Now, it is okay to do this with the motivation that "Hey, if I do this, I will realize a return on my investment."  It still works.  Your self-worth can increase.  You feel better about yourself.  Your self-esteem will increase.  You feel more part of the group.  You don't have to have a "pure heart" for it to work!

I may not particularly like a person, yet I may have an opportunity to be of use to them, and do so.  Even if I do not give time or other resources with happiness, it STILL has a tendency to make me happy, satisfied, contented.





Freestyler777 said:


> Equanimity is the essence of Yoga.



Haha! --> Yoga is the cessation of the fluctuations of the mind!

(That would be nice for me to have!)


----------



## Xue Sheng (Nov 3, 2007)

Per Confucius, a gentleman

Confucius 'five virtues a gentleman should practice every day to live a healthy, harmonious life:

*Ren* is the virtue of benevolence, charity, and humanity

*Yi*, of honesty and uprightness; Yì may be broken down into zhong, , doing one's best, conscientiousness, loyalty; and shù, reciprocity, altruism, consideration for others, and Confucius&#8217; early version of the Golden Rule, &#8220;what you don't want yourself, don't do to others."

*Zhi*, knowledge;

*Xin*, the virtue of faithfulness and integrity; and,

*Li*, correct behavior, or propriety, good manners, politeness, ceremony, worship.


----------



## Freestyler777 (Nov 3, 2007)

Thanks for all the posts.  You guys are very insightful. 

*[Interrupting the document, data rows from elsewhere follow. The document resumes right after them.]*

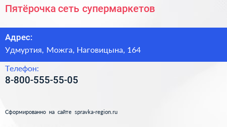 Пятёрочка, сеть супермаркетов по адресу Удмуртия, Можга, Наговицына, 164 в дальнейшем Организация, размещена в следующих категориях: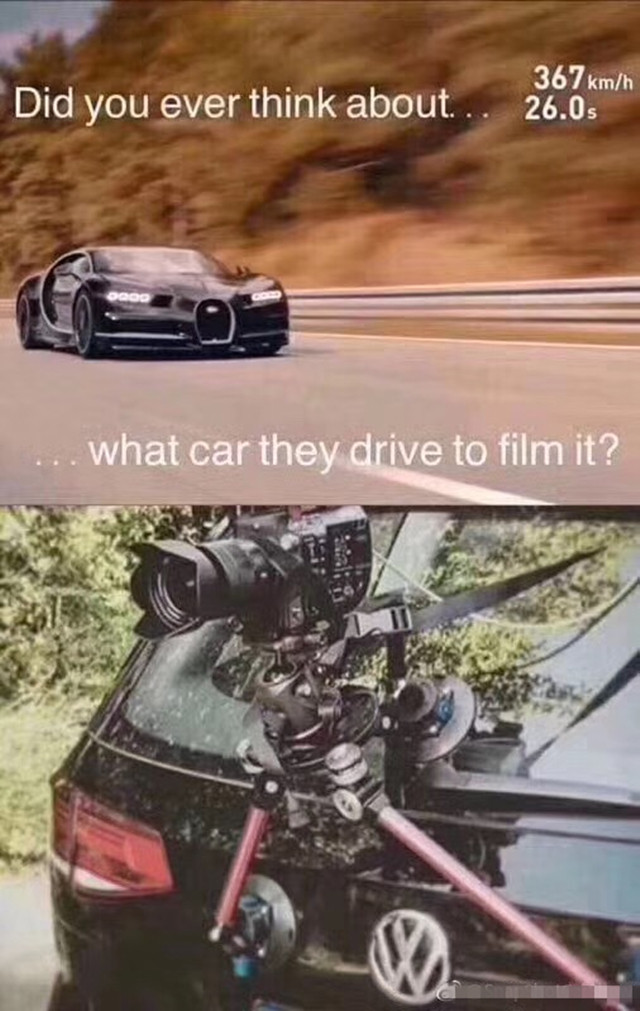 比如前段时间布加迪Chiron创造了惊为天人的“42”纪录(0-400-0km/h仅仅用时42秒),在视屏中显然大家更关心的是,究竟是何等拍摄车才能跟上如此变态的Chiron?于是网上就流传了这么一张图片:
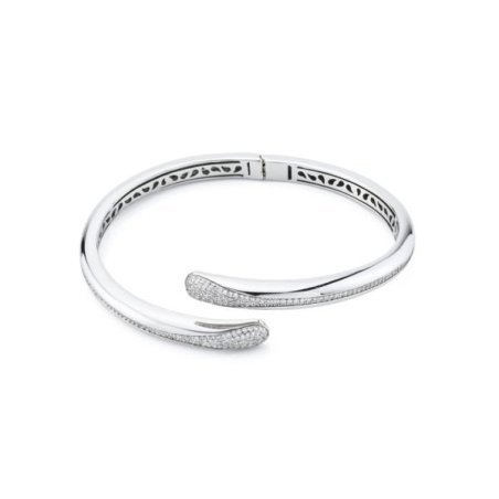 Bracciale contrariè rodiato con doppio pavè di zirconi a forma di goccia.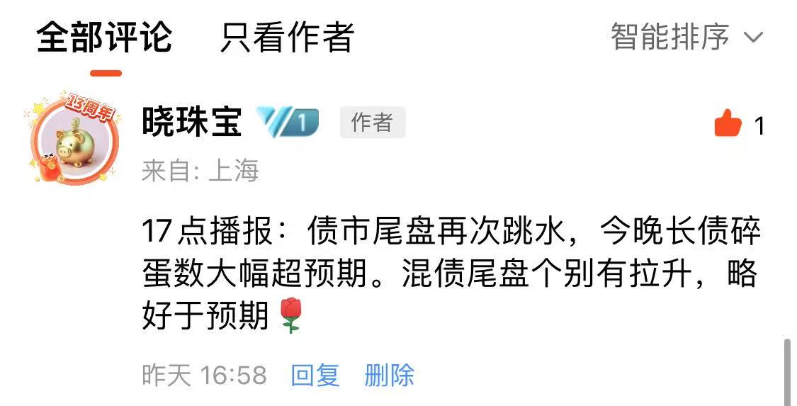 注意,如果播报后,债市尾盘拉升或者跳水,17点左右我会在估值帖子的评论区更新情况。

Newguy's post embodies the jewish concept of action being more important than faith.  If you do good actions, you eventually become good yourself, regardless of what you believe.  That is very good in my opinion.

And Xue Sheng, thank you for the analysis of Confucian Ethics.

But to tie the two together, even if one is motivated by self-interest, he still can do good, when he sees that we are all part of the same being, and that his actions will come back to him, good or bad.  So really, all three views are paths to happiness and a good life.

I don't know who said it, but someone said, 'there is no happiness without enlightenment'.  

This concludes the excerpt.